Жил я в Советском Союзе до середины 1943 года. Я не был таким, как миллионы советских юношей. Я прошел мимо пионерии, комсомола. Живы ли мои родители – я не знаю. Но если бы мне довелось встретиться с ними, я бы им прямо сказал: вы во многом виноваты за мое отщепенство. Виноват в этом и я сам.
В плен я попал раненым в июле сорок третьего года на берегу Северного Донца.

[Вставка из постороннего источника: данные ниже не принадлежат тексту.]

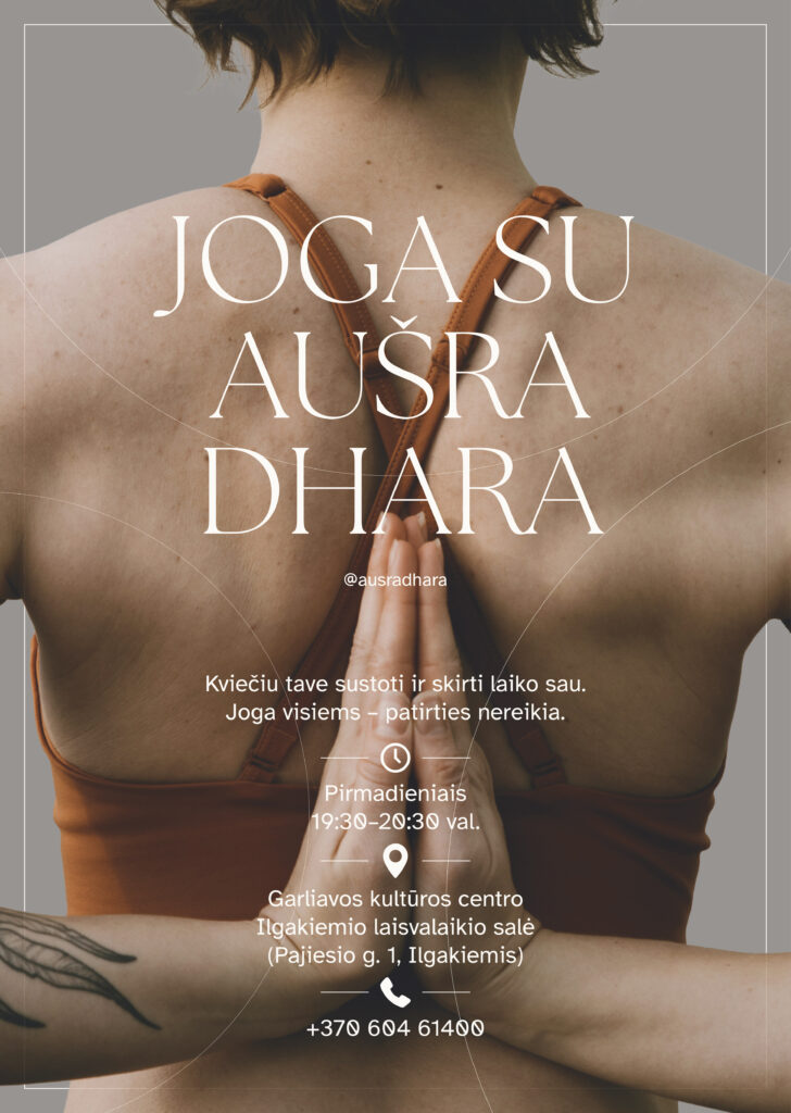 Ar jauti, kad norisi lėčiau? Mažiau triukšmo, daugiau kvėpavimo ir buvimo savyje. Joga su Aušra Dhara – tai laikas sau, be spaudimo, be lūkesčių, be būtinybės „mokėti“ jogą.
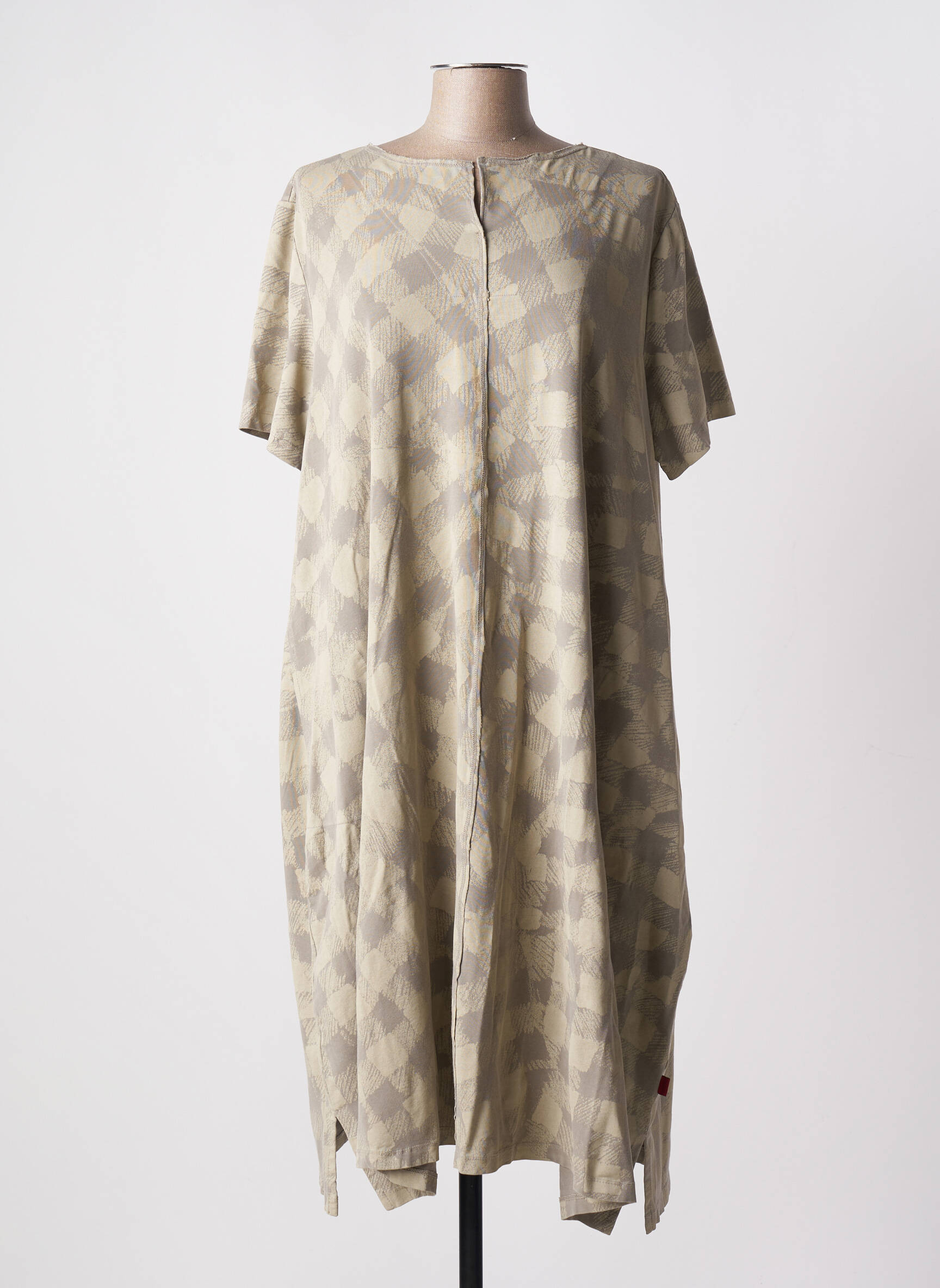 Rochie Midi Vetono Bej Mâneci Scurte
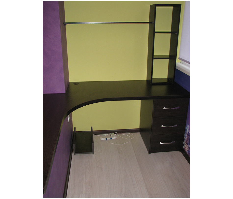 Угловой стол с несколькими открытыми полками и тумбой с выдвижными ящиками отличается удобством и функциональностью. Модель, представленная в цвете венге, изготовлена из ЛДСП высокого качества, гарантирующего столу прочность и надежность на весь срок службы.

Свиридов, помолчав немного, продолжал:
– Вначале я думал о побеге из плена. Но буду откровенным: я не мечтал об этом так страстно, как другие. Мне порой была просто непонятна их тоска, стремление вернуться к своим, их мечта о далеких домах и семьях. Меня в то время больше занимал вопрос о побеге именно в те уголки земли, где нет войны. Я говорю откровенно, именно так думал я тогда. А время шло, и все дальше и дальше на запад угоняли нас. Летом сорок четвертого, во время транспортировки для работ на угольных шахтах, мне удалось убежать из эшелона военнопленных. Это произошло недалеко от города Монтанье, во Франции. До осени я блуждал, пытаясь пробраться в Швейцарию. Можно было тогда присоединиться к французским партизанам, но я вбил себе в голову Швейцарию. Из моего наивного стремления ровным счетом ничего не вышло. В городе Вьенн я заболел какой-то странной болезнью. На протяжении, семи недель, через очень короткие интервалы, я терял память. Я не помню, кто меня подобрал больного, ничего не знаю о людях, занимавшихся моим лечением. Даже об обстановке, в которой я лечился, осталось какое-то смутное представление. Но зато все дальнейшее помню прекрасно.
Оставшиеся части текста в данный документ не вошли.